0 thoughts on “The Ontology Problem: A Definition with Commentary

  1. Brilliant summary of ontology problems. One question. Is there a significant difference between taxonomy and ontology?
    (In the past when thinking about the problems you outline I have always used the word taxonomy in my mind, but that’s probably because I was unaware that that ontology was the technical word)

  2. Yes there is a difference between a taxonomy and an ontology. An ontology defines not only the classes (the things) but also their properties, such as their attributes and the types of relationships they can have to one another, as well as possible restrictions on how the classes and properties can be instantiated. Consider this example:
    1. Thing
    1.a. Living Thing
    1.a.i. Human
    1.a.ii. Animal
    (Class Thing
    hasName (string)
    (Class LivingThing
    is-a Thing
    hasName (string)
    hasBirthDate (datetime)
    hasLocation (GeographicLocation)
    hasWeight (long)
    (Class Human
    is-a LivingThing
    is-a Thing
    hasName (string)
    hasBirthDate (datetime)
    hasLocation (GeographicLocation)
    hasWeight (long)
    hasFirstName (string)
    hasLastName (string)
    hasCityOfResidence (City)
    hasNationality (Nation)
    hasGender (“male” or “female”)
    hasHeight (long)
    hasEthnicity (Ethinicity)
    hasFriend (Role: Friend)
    hasEmploymentHistory (EmploymentHistory)

  3. Great breakdown of ontology issues…
    But if one of the goals of the Semantic Web is to demolish the concept of “data silos” as well as the rigorous “structured data” concept- doesn’t using such a complex ontology put us back to square one anyway?

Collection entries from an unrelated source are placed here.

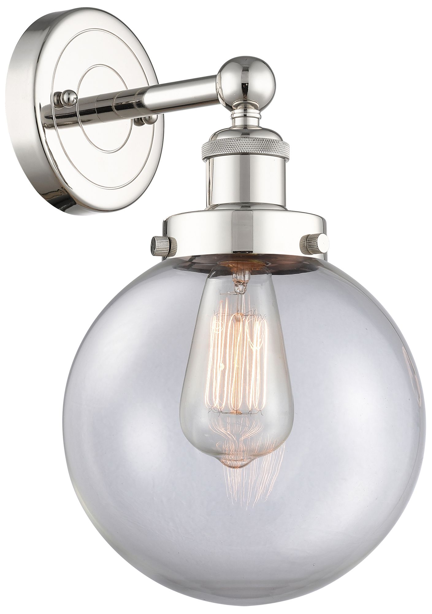 Large Beacon 2.25" High Polished Nickel Sconce With Clear Shade
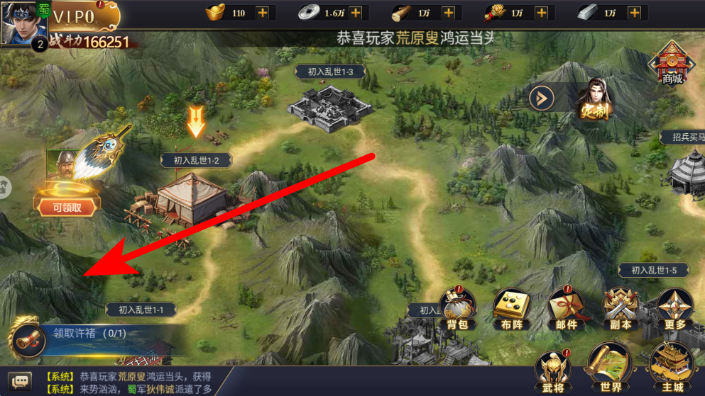 3、然后推进主线关卡,世界地图能看到不同的关卡标识,初入乱世等,点击对应的关卡区域,可进入该关卡,继续推进主线剧情,体验不同的战斗与故事。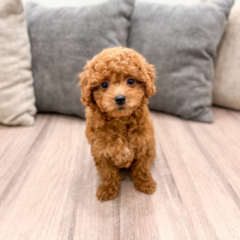 She’s at that irresistibly clumsy stage—toddling around on wobbly legs, discovering toys, and learning how to play with her siblings. She loves curling up in warm hands, drifting into gentle puppy snoozes, and offering the sweetest little nose nudges.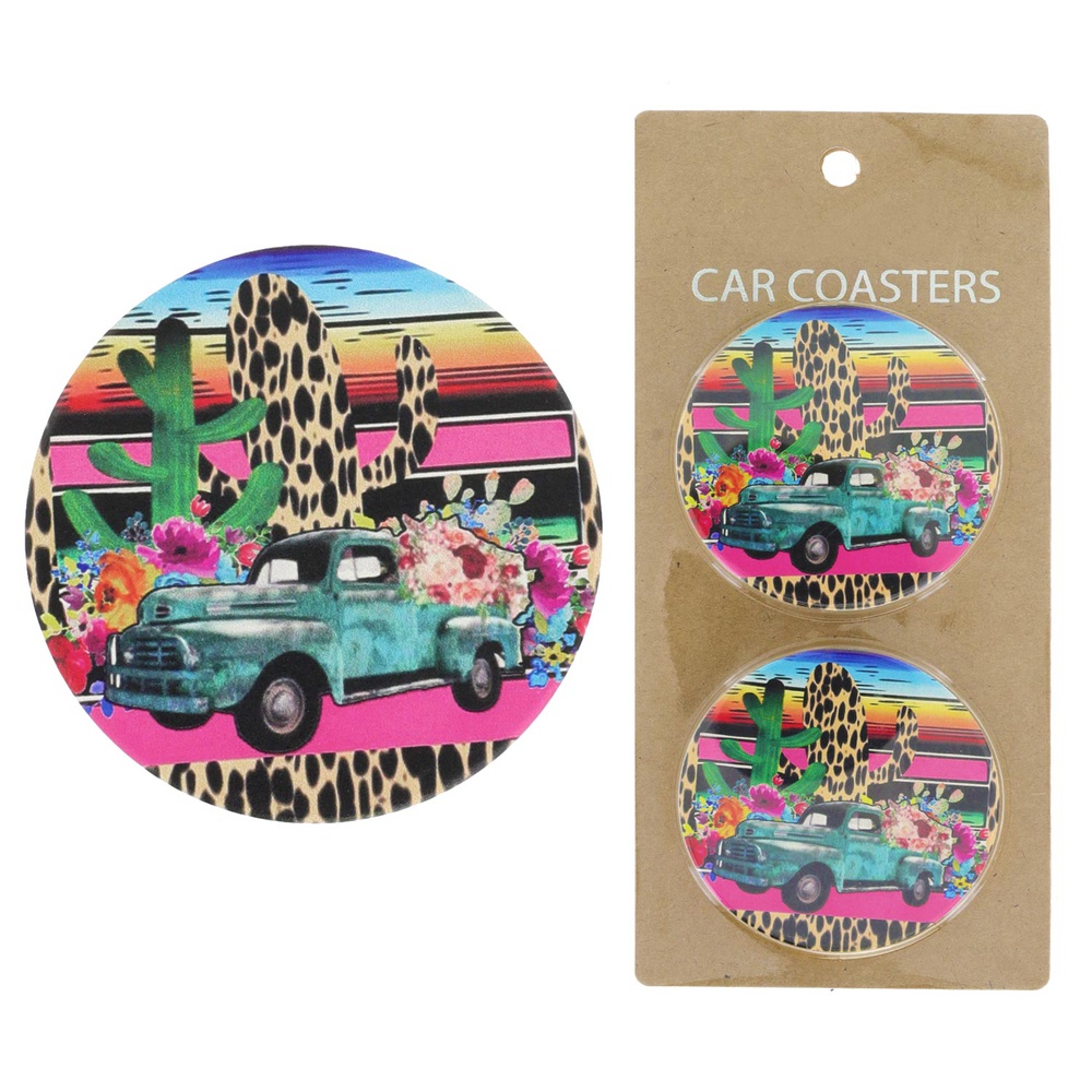 FLORAL PICK-UP TRUCK 2-PIECE CORK BASE CERAMIC ABSORBENT CUP HOLDER CAR COASTER SET

I feel like we’re moving away from the idea of having the DATA carry organizational information.
    Our brains don’t work this way- we don’t have an incredibly complex “card catalog” of semantics in our heads.
    If you did implement a “perfect” Upper Ontology, as well as a standard functional Ontology – how do all of the “slots” get filled with data about data?
    And won’t that generate “meta-data” that is as expansive as the current Web itself?

  4. Good article! I’d like to mention the Suggested Upper Merged Ontology Unlike the other available upper ontologies, SUMO has a wealth of domain ontologies that should make it clearer for a given user how he or she might get started using some relevant concepts. Another unique feature is a set of mappings to all of WordNet, which allows the new users to enter most any English word and find out which SUMO terms are relevant.